Capehart and Abernathy on congressional bipartisanship, inflation, redistricting

Jonathan Capehart:

I don’t know if there’s any turning back.

Excuse me, Judy.

And I say I don’t know if there’s any turning back because there is an incredible silence among Republican leaders. Leave aside Donald Trump. And no one’s surprised to hear him say what he said about “Hang Mike Pence.”

The problem is in the question is, where is House Minority Leader Kevin McCarthy? Leader is in his title. He should have said something immediately about Congressman Gosar. He should have said something immediately about Congresswoman Marjorie Taylor Greene calling the 13 Republicans who voted for the infrastructure bill — quote — “traitors.”

He should have been out there and should be continuously out there saying: This is not who we are as Republicans. This is not who we are as a party.
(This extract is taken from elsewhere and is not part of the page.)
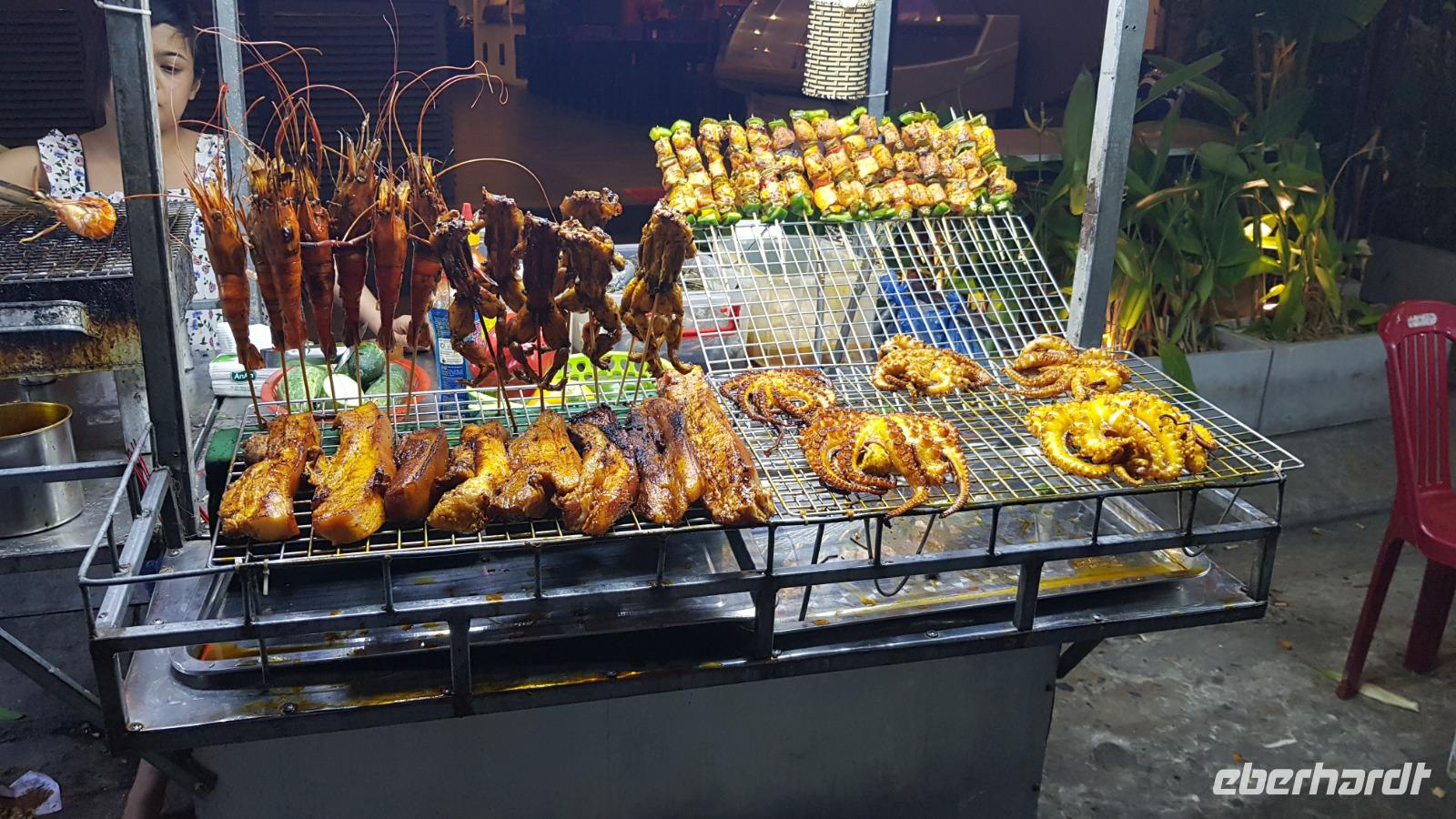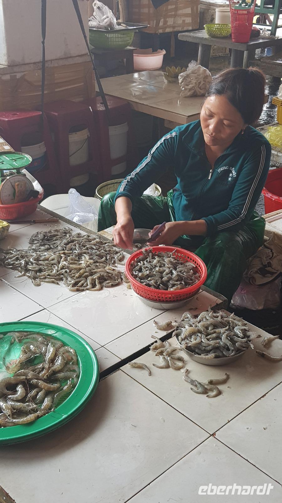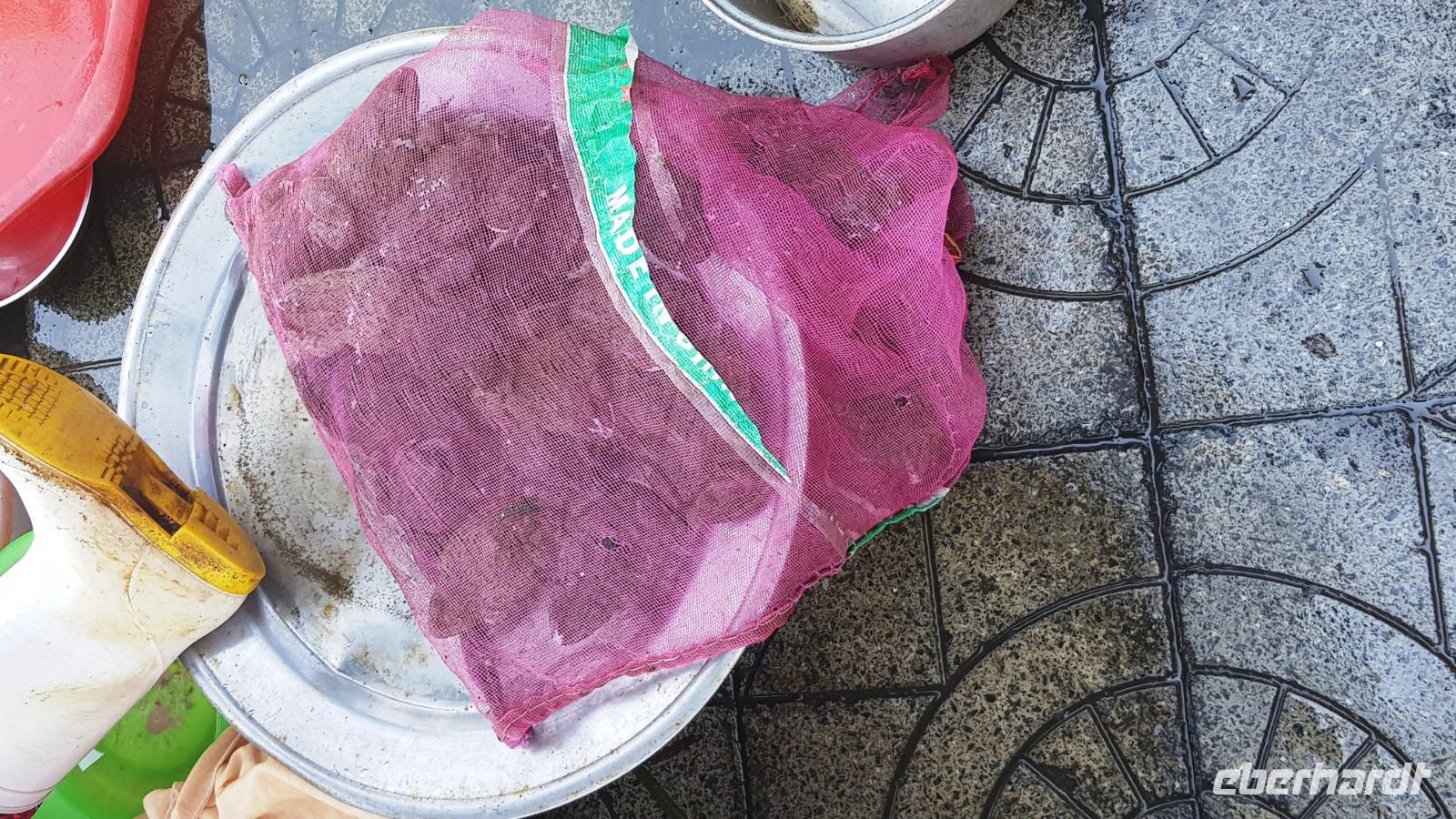 Mit unserem Guide sind wir zu dem Markt gegangen. Es gab lebendige Frösche, die man kaufen konnte. Später auf dem Nachtmarkt haben wir die gleichen Frösche gegrillt gesehen.

This is not who we are as a caucus.

Because, if the leader of the caucus doesn’t set an example, rhetorically or even by his actions, then the Paul Gosar and the Marjorie Taylor Greenes are given, no pun intended, green lights to keep doing the things that they’re doing, which is providing — creating an atmosphere of menace around the Capitol that has been there since January 6.
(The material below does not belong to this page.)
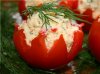 У помидор срезать верх, чайной ложечкой аккуратно выбрать серединку. Если готовите закуску на праздничный стол, сделайте фигурные зубчики по краю помидорок.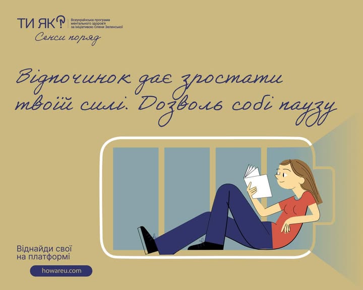 Чи згодні ви з тим, що пауза – це прояв сили, а не слабкості? У сучасному світі, де темп життя постійно зростає, важливо знаходити час для себе та свого ментального здоров’я. Всеукраїнська програма ментального здоров’я «Ти як?» за ініціативою Олени Зеленської нагадує нам про це.

Congresswoman Cori Bush moved her office from next door to Marjorie Taylor Greene because of the menace. Marjorie Taylor Greene has gotten into fights with Congresswoman Ocasio-Cortez, Congresswoman Liz Cheney, Congressman Jamie Raskin.

And she’s able to do that because House Minority Leader Kevin McCarthy hasn’t said anything. And the idea that he has not said anything about this Paul Gosar video that Twitter had the good sense to finally take down tells me all I need to know about how fearful and concerned we should be about a Speaker McCarthy if the Republicans take control of the House in next term — in next year’s midterms.